"Statistical Approaches for Meeting Challenges in the Analysis and Interpretation of mRNA-Seq"
For the past decade, microarrays have been the assays of choice for high-throughput studies of gene expression. Recent improvements in the efficiency, quality, and cost of genome-wide sequencing have prompted biologists to rapidly abandon microarrays in favor of ultra high-throughput sequencing, a.k.a., second-generation or next-generation sequencing: e.g., Applied Biosystems' SOLiD, Helicos BioSciences' HeliScope, Illumina's Genome Analyzer, and Roche's 454 Life Sciences sequencing systems. These high-throughput sequencing technologies have already been applied to monitor genome-wide transcription levels (mRNA-Seq), DNA-protein interactions (ChIP-Seq), DNA copy number (DNA-Seq), chromatin structure, and NA methylation. While sequencing-based gene expression studies have been touted as overcoming longstanding limitations of microarray-based studies, these new biotechnologies raise similar as well as novel statistical and computational challenges, in areas such as image analysis, base-calling, read-mapping, and (differential) expression inference.
This talk concerns statistical methods and software for the analysis of high-throughput transcriptome sequencing (mRNA-Seq) data, with emphasis on mapped reads from the Illumina Genome Analyzer.
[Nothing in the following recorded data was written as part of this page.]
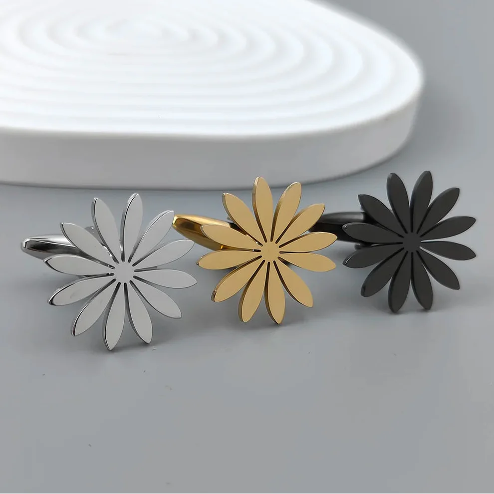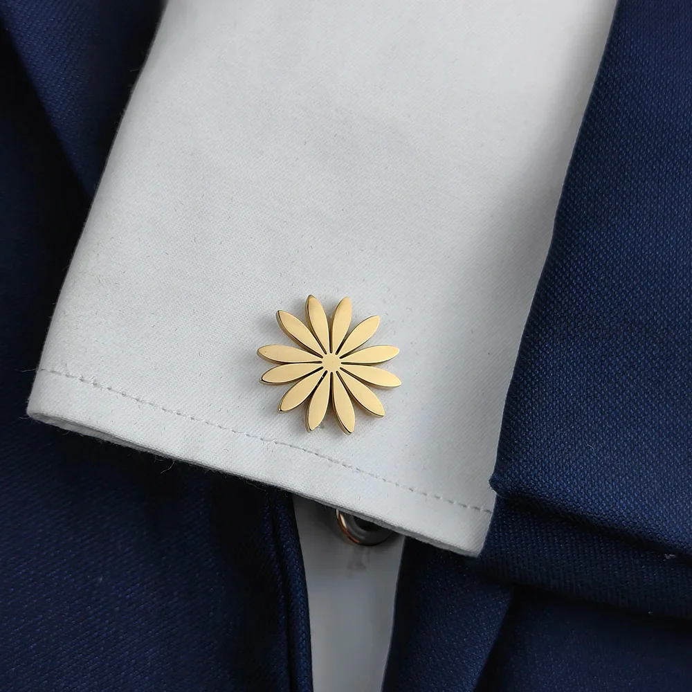 Diese Edelstahl Manschettenknöpfe im Gänseblümchen-Design vereinen feine Handwerkskunst mit symbolischer Schönheit. Das Gänseblümchen steht für Freundschaft, Reinheit und positive Energie – ein stilvolles Zeichen von Zuneigung und Geschmack.
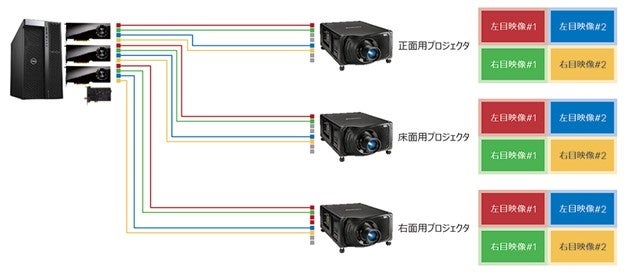 ワークステーション1台で3台のプロジェクターへ映像出力する際の構成。この例ではアプリケーション側で2人分の両目用の映像を生成し、プロジェクター側で4チャンネル分の時分割映像として合成した上で出力している。
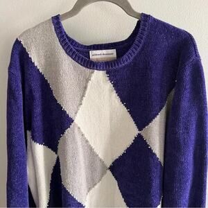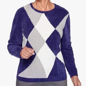 Alfred Dunner Purple and White Diamond Chenille Sweater Size 2X
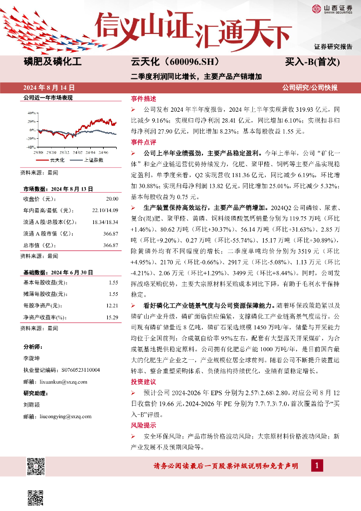 山西证券:云天化(600096)-二季度利润同比增长,主要产品产销增加.pdf
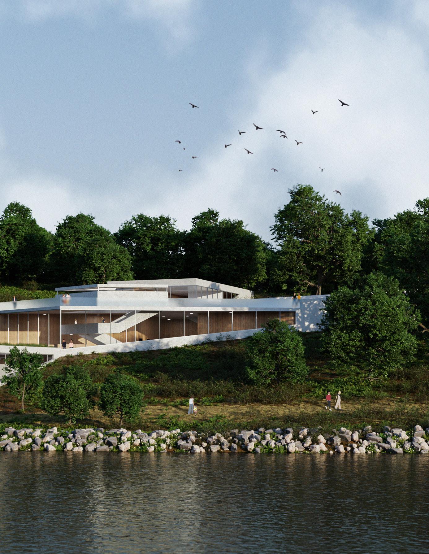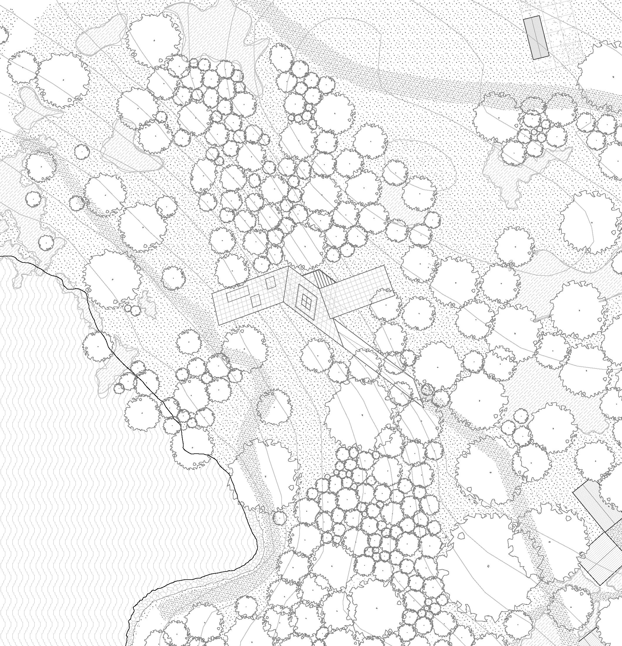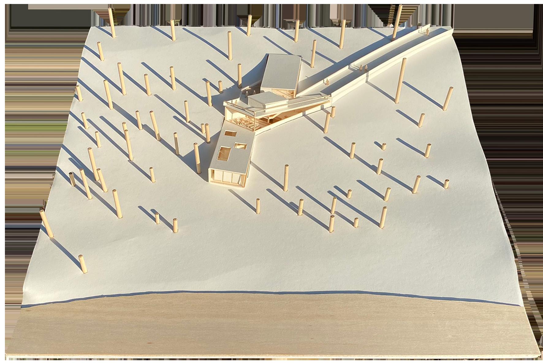 The site is situated above a three-level abandoned salt mine with an extensive history that once defined the area. Overgrown with trees, the owner removed all the invasive species and has left only plants native to the marshlands. The proposal uses the orientations from the three salt mine levels to create a form that avoids the pre-existing trees to protect the site’s vegetation. By embedding itself into the ground, the museum emulates the experience of the original mine and takes advantage of some of the only elevation changes in south Louisiana.

We address the following main questions, which trace the process of deriving accurate measures of (differential) expression for genomic regions of interest (ROI) such as individual exons or multiple isoforms of a given gene.
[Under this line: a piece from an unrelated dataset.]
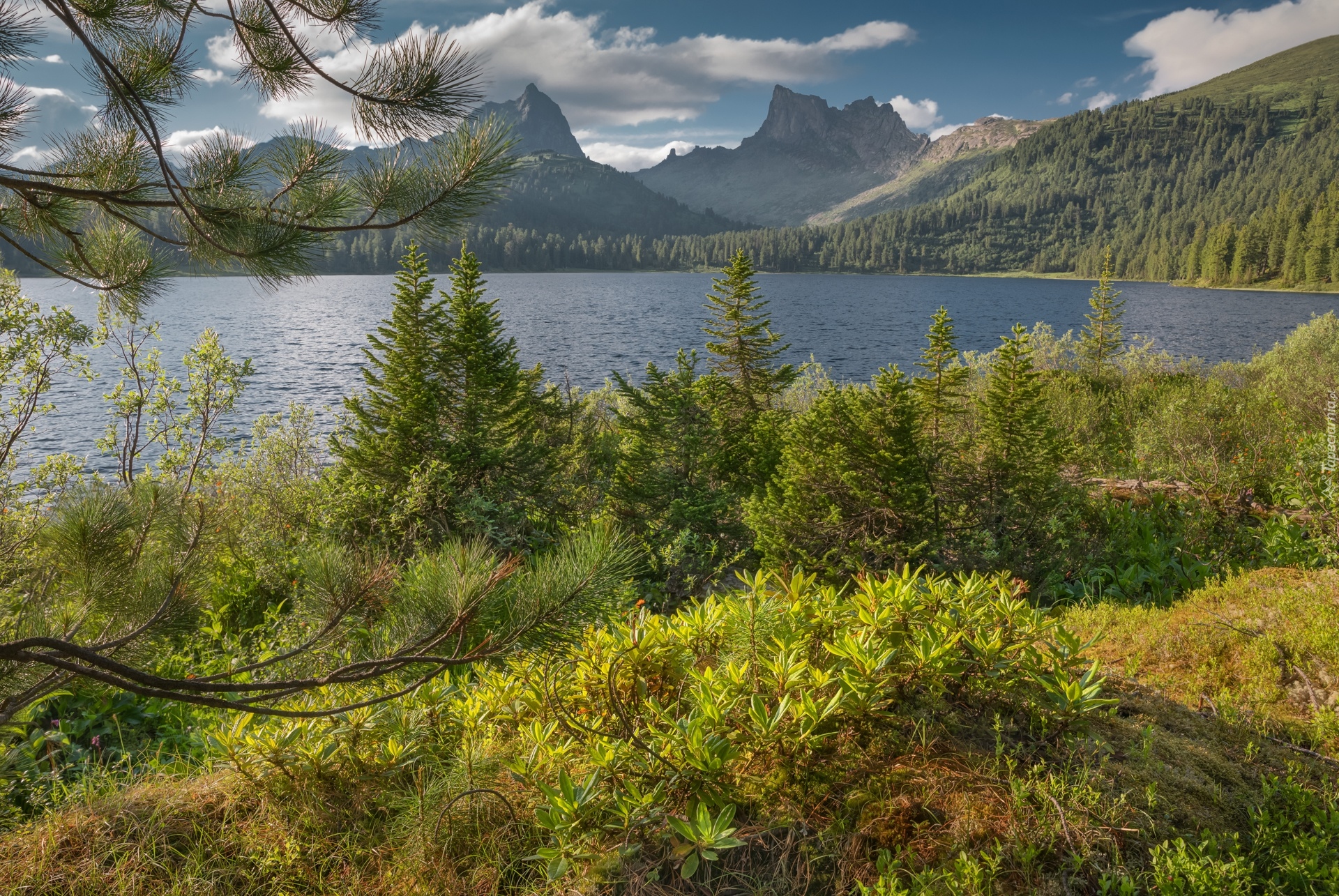 Edytor tapety: Drzewka iglaste na tle górskiego jeziora

1. Experimental design: Guidelines for the effective allocation of input mRNA samples (e.g., in terms of library preparation, flow-cells, lanes) and the use of control sequences.
2. Exploratory data analysis: Toolbox of numerical and graphical summaries for mapped reads to detect the main and as well as aberrant features of mRNA-Seq data.
3. Normalization and expression quantitation: Methods for inferring ROI-level expression from base-level mapped read counts, while adjusting for experimental/technical effects (e.g., library preparation/flow-cell/lane) and sequence-specific effects (e.g., GC-content).
4. Differential expression: Methods for inferring differential expression between ROI and/or input samples.
5. Software: Open-source statistical software implementing the methodology discussed above.
We report on our investigation of several mRNA-Seq datasets, in organisms from yeast to human: inference of (differential) gene expression in reference samples from the MicroArray Quality Control (MAQC) Project; genome annotation and the discovery of novel transcripts in Saccharomyces cerevisiae; evolutionary genetics based on allele-specific expression in a Saccharomyces diploid hybrid; regulation of alternative splicing in Drosophila melanogaster.
References (manuscripts and presentations) are posted on the website: www.stat.berkeley.edu/~sandrine.
Sandrine Dudoit is Associate Professor of Biostatistics and Statistics and Chair of the Graduate Group in Biostatistics at the University of California, Berkeley. Professor Dudoit's research and teaching activities concern the development and application of statistical and computational methods for the analysis of biomedical and genomic data. Her methodological research interests regard high-dimensional inference and include loss-based estimation with cross-validation (classification and regression, density estimation, model selection) and multiple hypothesis testing. Much of her methodological work is motivated by statistical inference questions arising in biological research, including: the design and analysis of high-throughput microarray and sequencing gene expression experiments; nucleotide and protein sequence analysis; the genetic mapping of complex human traits; biological annotation metadata analysis. Professor Dudoit is also interested in statistical computing and is a founding core developer of the Bioconductor Project, an open-source software project for the analysis of biological data (www.bioconductor.org). She is a co-author of the book "Multiple Testing Procedures with Applications to Genomics" and a co-editor of the book "Bioinformatics and Computational Biology Solutions Using R and Bioconductor". She is Associate Editor of six journals, including "The Annals of Applied Statistics", "BMC Bioinformatics", "Statistical Applications in Genetics and Molecular Biology", and "IEEE/ACM Transactions on Computational Biology and Bioinformatics".
Professor Dudoit obtained a Bachelor's (1992) and Master's (1994) degree in Mathematics from Carleton University, Ottawa, Canada. She first came to UC Berkeley as a graduate student and earned a PhD degree in 1999 from the Department of Statistics. Her doctoral research, under the supervision of Professor Terence P. Speed, concerned the linkage analysis of complex human traits. From 1999 to 2000, she was a postdoctoral fellow at the Mathematical Sciences Research Institute, Berkeley. Before joining the Faculty at UC Berkeley in July 2001, she underwent a year of postdoctoral training in genomics in the laboratory of Professor Patrick O. Brown, Department of Biochemistry, Stanford University. Her work in the Brown Lab involved the development and application of statistical methods and software for the analysis of microarray gene expression data.